Developmental changes in guanine nucleotide regulatory proteins in the rat myocardial alpha 1-adrenergic receptor complex.

During development, the cardiac alpha 1-adrenergic chronotropic response changes from positive in the neonate to negative in the adult. The negative chronotropic effect of alpha 1-adrenergic stimulation in the adult depends on maturation of sympathetic innervation and the presence of a pertussis toxin (PT)-sensitive guanine nucleotide-binding (G) protein. To examine the possibility of a developmental change in coupling of a PT-sensitive G protein to the alpha 1-adrenergic receptor, radioligand binding experiments with the iodinated alpha 1-selective radioligand [125I]-I-2-[beta-(4-hydroxyphenyl)ethylaminomethyl]tetralone ([ 125I]-IBE 2254) were performed on membranes prepared from control and PT-treated neonatal and adult rat hearts. Scatchard analysis showed fewer alpha 1-adrenergic receptors in the adult than in the neonate (168 +/- 10 fmol/mg protein in the neonate vs. 124 +/- 13 fmol/mg protein in the adult), but similar affinities (equilibrium dissociation constant 124 +/- 29 pM in the neonate vs. 140 +/- 34 pM in the adult). PT treatment did not alter the results. In both the neonate and adult, 5'-guanylylimidodiphosphate [Gpp(NH)p, 500 microM] shifted the l-epinephrine competition curve to the right and increased the slope factor toward unity. PT had no effect on the l-epinephrine competition curve in the neonate. However, in the adult PT itself caused a partial shift in the agonist competition curve, reducing but not eliminating the effect of Gpp(NH)p.
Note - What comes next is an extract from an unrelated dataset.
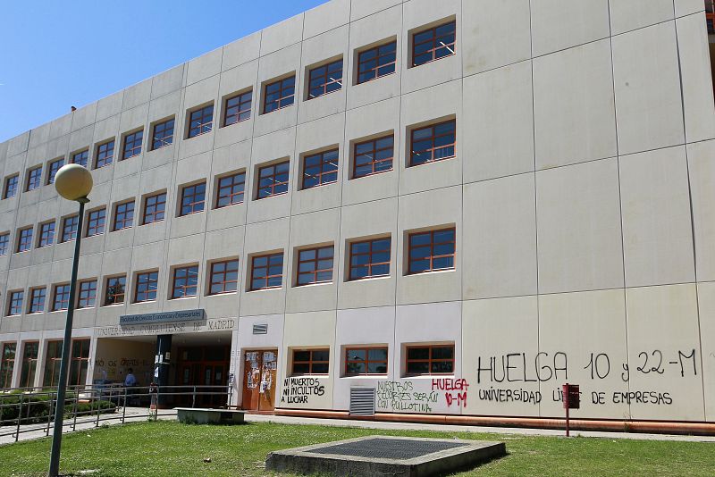 NAC43. MADRID, 22/05/2012.- Vista de la entrada a la Facultad de Ciencias Económicas y Empresariales del campus de Somosaguas de la Universidad Complutense de Madrid, durante la jornada de huelga convocada para hoy en la educación pública. EFE/Zipi

Consistent with the results from the binding experiments, PT did not have any effect on the alpha 1-adrenergic-mediated positive chronotropic response in the neonate, whereas in the adult the alpha 1-adrenergic-mediated negative chronotropic response was completely converted to a positive one after PT treatment. These results indicate the presence of a PT-insensitive G protein in the neonatal and adult rat heart and the acquisition of a PT-sensitive G protein linked to the negative chronotropic response during development.